As Minh weaves our boat between drifting fresh produce dealers, she frequently calls out to familiar faces. Waves and greetings are plentiful in this river-based community. Minh explains that many of the commercial relationships in the local agriculture trade go back for generations.
Families of farmers and retailers foster close ties with one another. The trust and respect built up over decades of mutual benefit are plain to see amid the jovial bargaining on the riverside docks and from vessel to vessel.
Minh acts as our translator as we ask various vendors and consumers about Can Tho and their thoughts on its future. Commonly they would prefer that tourism helps build the local economy, rather than industry. They are proud that foreign travellers are fascinated with their traditional merchant ways.
This acceptance and warmth towards visitors heightens the charm of a tour of Can Tho’s floating markets. There is a sense you are not an intruder into the lives of the locals but rather an appreciated observer and occasional participant.
Even beyond these water-based commercial hubs, generous welcomes are common in the tangle of jungle-lined canals which pierce residential neighbourhoods. Here, life has a gentle rhythm akin to the easy flow of the creeks. The water’s edge is punctuated by activity of all sorts. A group of elderly ladies take no notice of us as they chat and giggle while washing clothes in the shallows.
However, we soon become the centre of attention after being spied by a group of rambunctious boys climbing a tree which hangs low over the water.
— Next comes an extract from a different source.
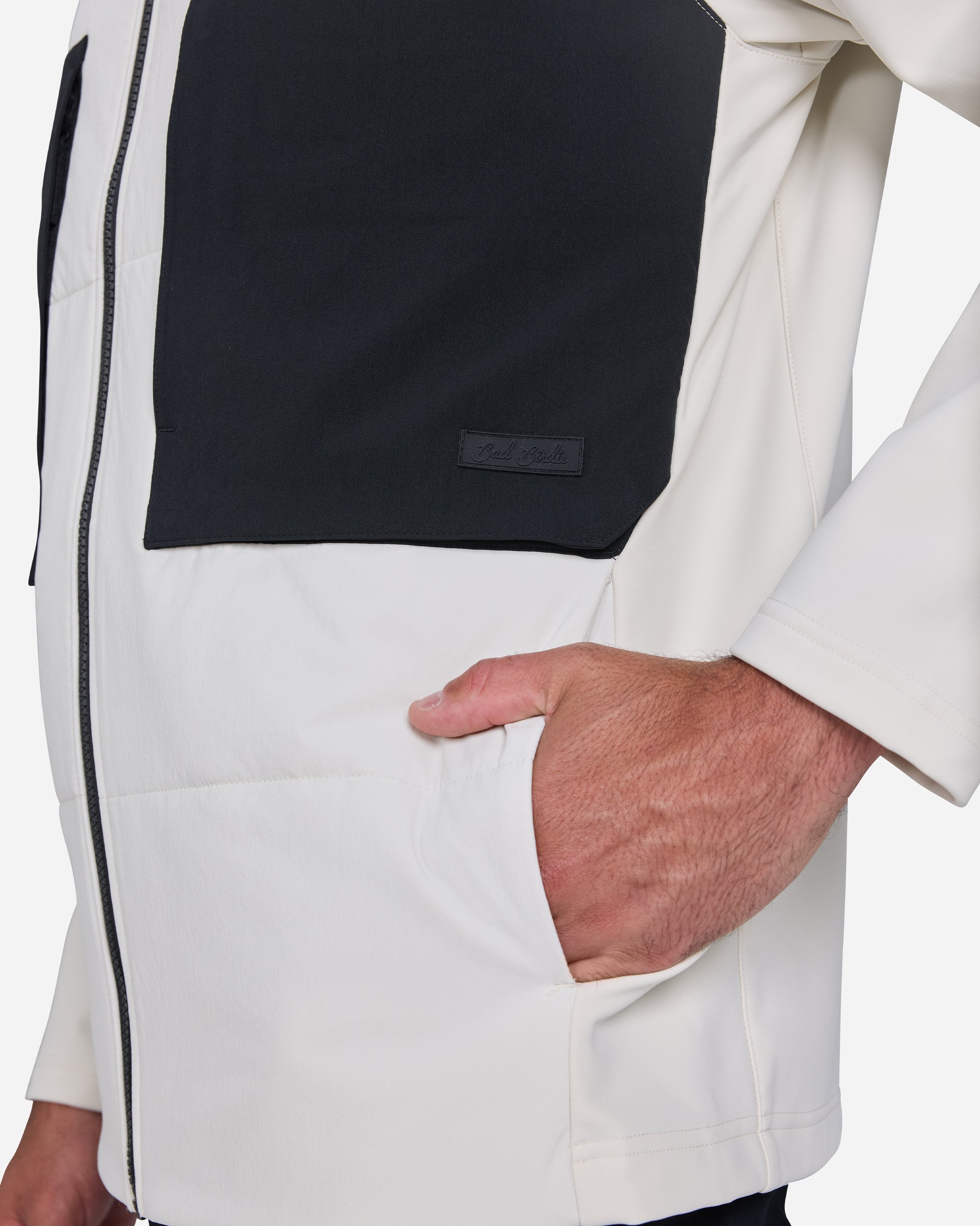 The Bad Elements Montage Jacket is designed to keep you warm without limiting movement. It features 80g synthetic insulation on the front and back yoke, with soft shell sleeves and side panels lined with a brushed interior. The DWR coating offers light rain protection, while zippered chest pockets with a tee holder, open hand pockets, and a Vislon front zipper add functionality. Finished with elastic cuffs, a silicone Bad Birdie patch, and a back locker loop with the Birdie logo.

Their excited squealing earns a rebuke from a nearby fisherman who is rooted in concentration as he tries to mend a torn net. A clique of teenage girls gathered on a creek-side wall are equally inquisitive though more cautious and polite. They try to practise their English on us and, in the moment, are successful before we float from sight.
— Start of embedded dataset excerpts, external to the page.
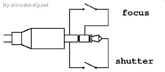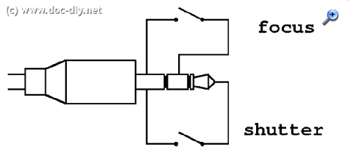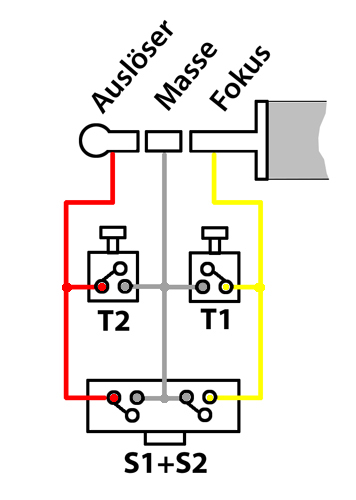 Der Vorteil dieser Schaltung ist aber darin zu sehen, dass ohne vorherige Fokussierung keine Verschlussauslösung möglich ist wie auch beim Auslöserknopf an der Kamera. Die Überprüfung der Steckerbelegung eines gekauften Kabelauslösers ergab auch diese Beschaltung.
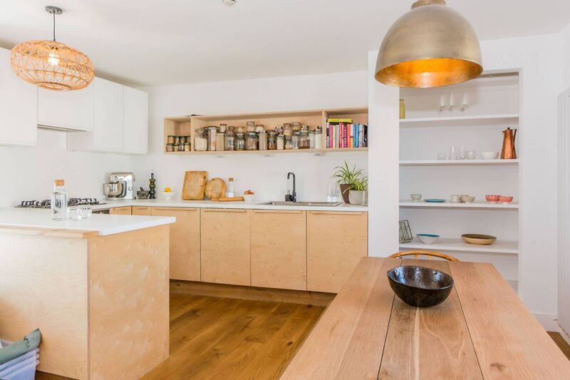 Entry is via private stairs off a shared street-level hall, leading to a first-floor main living and kitchen area, with birch ply units, open display shelving, and top-brand appliances including Smeg, Schott and Liebherr.
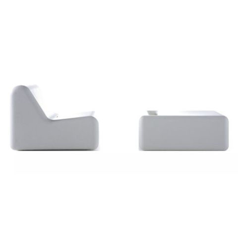 Gandia Blasco Mesa 356 modern outdoor coffee table. The Mesa 356 coffee table was designed by Jose Gandia & Pablo Girones for Gandia Blasco in Valencia, Spain. This modern low coffee table features smooth soft curves and a rectangular indentation for storage of ice, cans, bottles, sunscreen, etc. This durable all-weather outdoor table is perfect for the patio, garden, pool area, outdoor lounge or beach. Very nice and minimal, this beautiful outdoor coffee table becomes a natural extension of the modern home. Its timeless good looks will compliment any outdoor space. This table is available in three color options (white, tobacco or warm grey). A matching 356 chair is available as well (chair is sold separately).
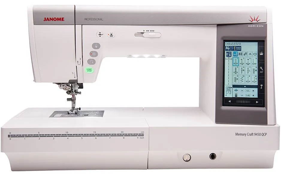 The Horizon Memory Craft 9450 QCP has all the features you require to simply sit, relax and sew. The large LCD color touch screen makes it so easy to navigate through the 350 built-in stitches, including 11 one-step buttonholes and 7 alpha numeric fonts including 9mm lettering and numbers. You can customize each stitch, including buttonholes, plus save as a favorite stitch. Sewing Applications gives you a variety of pre-set stitch functions, ready to sew zips, blind hem, buttons, quilting, rulerwork, patchwork and lots more.

Minh gestures towards a tin building partly obscured by thick vegetation overlooking the water. When she was in school she had worked there briefly, cleaning the shop and occasionally tending to customers. She cranes her neck seemingly looking for a recognisable shape but no one is around. After almost two hours meandering through these tight canals, past quaint hamlets we slip back out on to the Can Tho River near the city centre.
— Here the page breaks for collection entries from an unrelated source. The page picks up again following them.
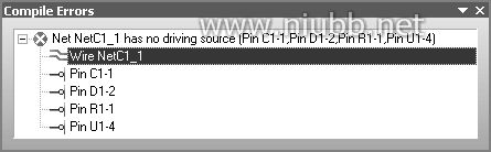 执行菜单“项目管理”/“编译PCB Project 实用门铃电路”,系统会弹出如图1.2.101所示的消息(Message)提示框,提示项目中存在的问题。如果没有出现提示框,则单击位于屏幕右小角的System标签,在弹出的选项中选择Message标签,可以打开Message对话框。
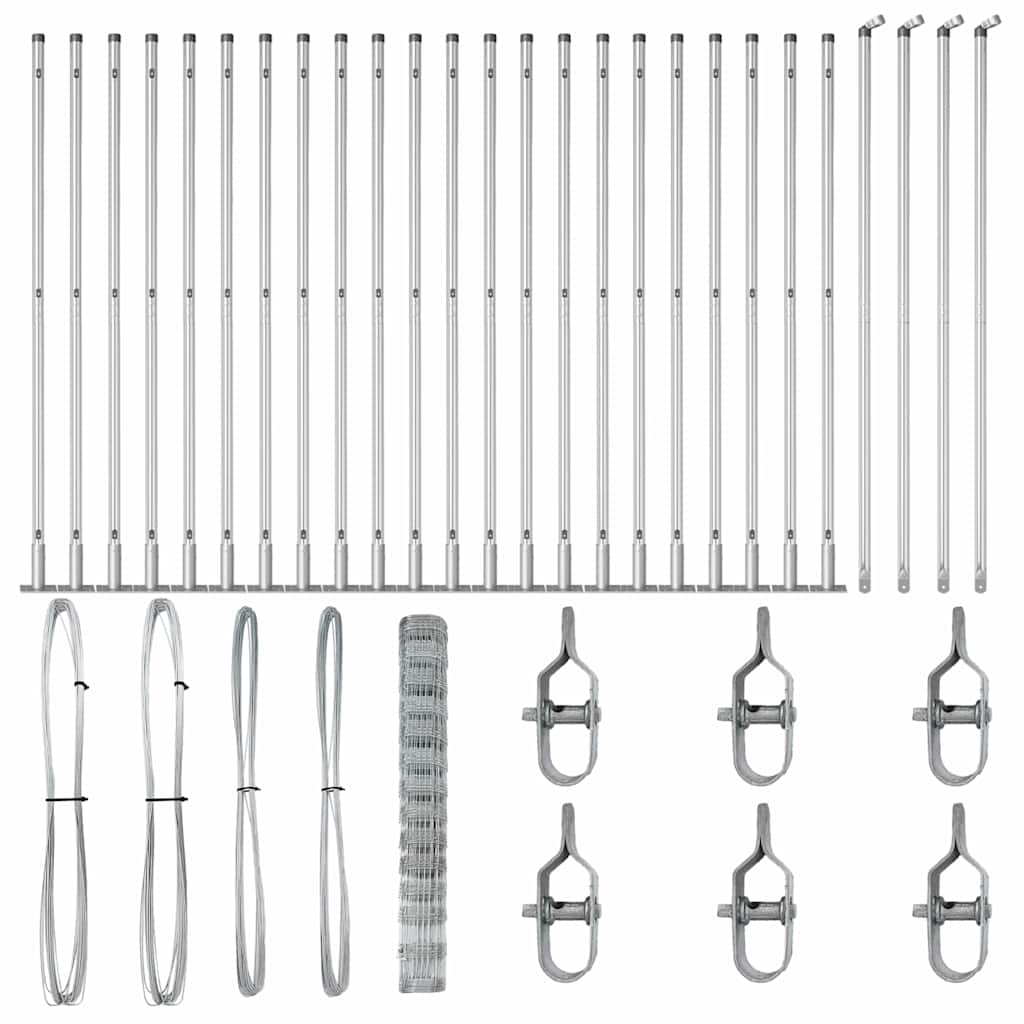 Αυτή η περίφραξη αγρού vidaXL συνδυάζει σκληρή γαλβανισμένη κατασκευή με ευχέρεια, κάνοντάς την τέλεια για τα έξω. Το κομψό ασημένιο φινίρισμα και η σταθερή κατασκευή ασφαλίζουν τον χώρο σας και κάνουν και πιο ωραία την περιοχή σας, ό,τι κι αν έχετε—κάσες, κήποι ή φάρμες.
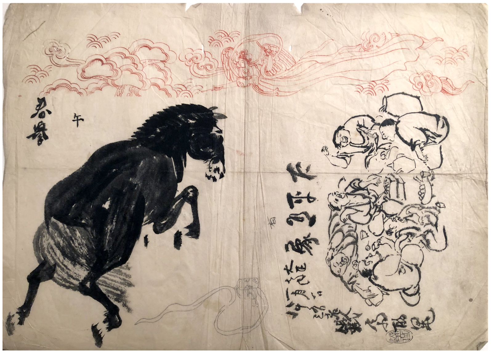 Woodblock Print Title: Hand Drawing - Preparatory Drawing representing a horse, a group of old men, an Angel in the sky

Bidding Minh farewell, we thank her for the insight into the local culture and wish her the best. The jetty at which we depart abuts the attractive riverside promenade of downtown Can Tho. For a fast-growing city with a population in excess of one million people, thisprecinct is surprisingly peaceful and charming. It has the ambience of a small rural town rather than a metropolis similar in size to Adelaide. Hotels, restaurants and bars variously targeted at locals or tourists dot the riverfront street Hai Ba Trung.
Nearby, Can Tho’s old, ramshackle market has been replaced by a covered version, which inside sports lovely exposed wooden beams on its lofty vaulted ceilings. Typical tourist-oriented fare like t-shirts, magnets and the ubiquitous Vietnamese conical hats are on offer alongside more authentic items of seemingly handmade arts and crafts.
Stall operators deliver softly-spoken pitches. There are no hard sells here. The understatedmanner in which they go about their business is reflective of the atmosphere of Can Tho. It may be moving forward, perhaps begrudgingly, at the behest of an ambitious government. But, for now at least, it remains a sleepy place where the Mekong rules and the land provides.
It is still the Can Tho which Minh cherishes.
GETTING THERE: Can Tho is a three-hour bus ride south west of Ho Chi Minh City. Numerous bus operators run regular services between the two cities.
WHEN TO GO: The wet season from June to September is best avoided as the Mekong Delta is buffeted by rain and thunderstorms, which often leads to extensive flooding.
HOW TO TOUR: Tour agencies in Can Tho offer half or full-day tours of the floating markets and canal-side communities.